Jan Van Balen

research · notes · thesis · press · talks · github

Why Hip-Hop is Interesting (for Music Information Retrieval)

[abstract] [my slides] [Ethan's slides]

At ISMIR 2016 I collaborated with Ethan Hein (NYU) and Dan Brown (UWaterloo) on a tutorial with the title: 'Why Hip-Hop is Interesting'. Following the example of similarly titled tutorials at previous editions of the conference, we wanted to look at a music genre that (we believe) deserves more attention from the community.

The tutorial was divided into four parts. In the first part, I talked about how the influence of hip-hop on popular music is hard to overstate, while at the same, it gets very little attention in Music Information Retrieval and digital musicology. I illustrated this with a case study on the absence of hip-hop from corpus analysis research, and the challenges around music description that arise in genres in which melody and harmony are less important than in music styles descended from the European classical tradition.

In the second part, Ethan Hein gave his own perspective on the importance of hip-hop, as a music educator and music education researcher with a particular interest an technology. You can read some of his arguments over at his blog. Dan Brown then talked about the analysis of rhyme. Finally, I presented a short overview of my research on sampling, arguing that any music informatics system that aspires to understand popular music should also understand sampling. I also come back to another point I want to make with this tutorial: crucial information will be lost when pop music is broken down to just those elements that can be encoded in Western music notation or symbolic digital formats.
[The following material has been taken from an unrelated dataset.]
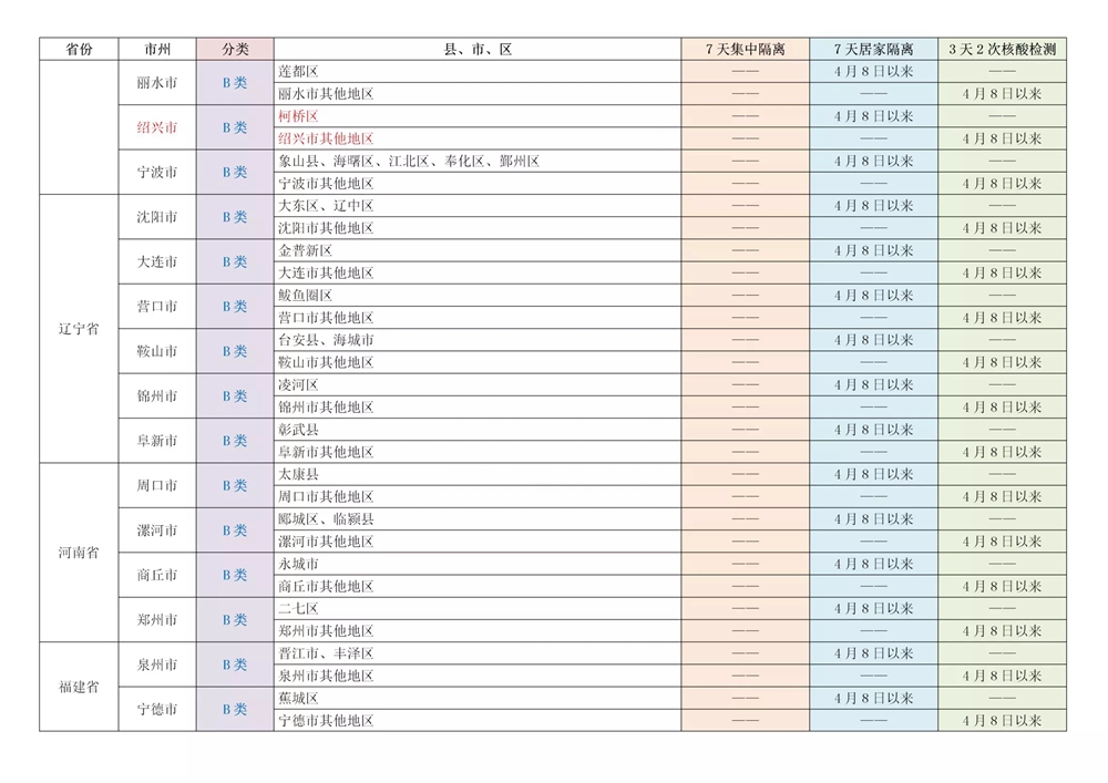 自4月15日起,四川省根据风险大小,将国内有本土疫情发生的地市(包括地级市、省会城市、直辖市)划分为A类地区(疫情输入四川省风险高的地市)、B类地区(除A类地区外,有本土疫情发生的省外其他地市),实行分类管控。

Audio Corpus Analysis & Hooks


A talk about audio corpus analysis and the analysis hooks (slides are mostly figures). I presented a version of this talk ahead of my PhD defence, for an audience of mixed techical and musical background that also included my family. I presented an earlier (more detailed) version of this when I was invited by Bob Sturm to talk at the Center for Digital Music (Queen Mary University of London).
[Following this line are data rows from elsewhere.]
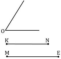 а) Строим два отрезка КN и МЕ, а также угол О.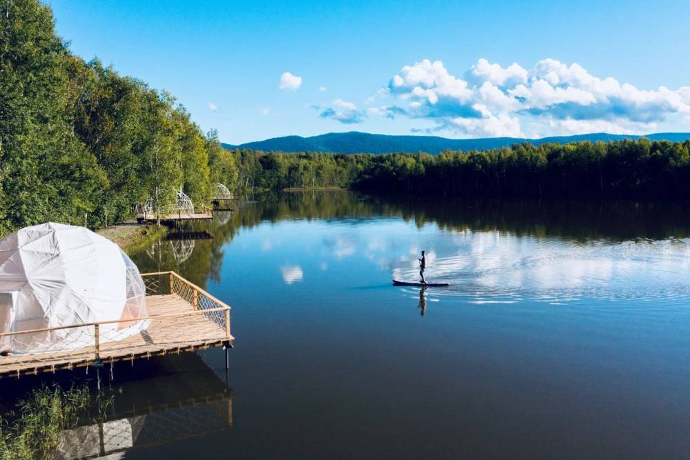 Глэмпинг-отель "Шале на воде" расположен в Хабаровском крае, на территории Большехехцирского заповедника.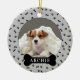 Cute personalised Dog Photo Ornament featuring a grey & black bone & pawprint pattern with a dog bone element to add your pet's name .

Corpus Analysis Tools for Computational Hook Discovery

[slides] [paper] [code]

ISMIR 2015 presentation on our analysis of the data from our game (Hooked!). The talk focuses on our contributions to the audio description and statistical analysis of popular music data. It also mentions the CATCHY toolbox, which is since available on Github.


Compared to studies with symbolic music data, advances in music description from audio have overwhelmingly focused on ground truth reconstruction and maximizing prediction accuracy, with only a small fraction of studies using audio description to gain insight into musical data. We present a strategy for the corpus analysis of audio data that is optimized for interpretable results. The approach brings two previously unexplored concepts to the audio domain: audio bigram distributions, and the use of corpus-relative or 'second-order' descriptors. To test the real-world applicability of our method, we present an experiment in which we model song recognition data collected in a widely-played music game. By using the proposed corpus analysis pipeline we are able to present a cognitively adequate analysis that allows a model interpretation in terms of the listening history and experience of our participants. We find that our corpus-based audio features are able to explain a comparable amount of variance to symbolic features for this task when used alone and that they can supplement symbolic features profitably when the two types of features are used in tandem. Finally, we highlight new insights into what makes music recognizable.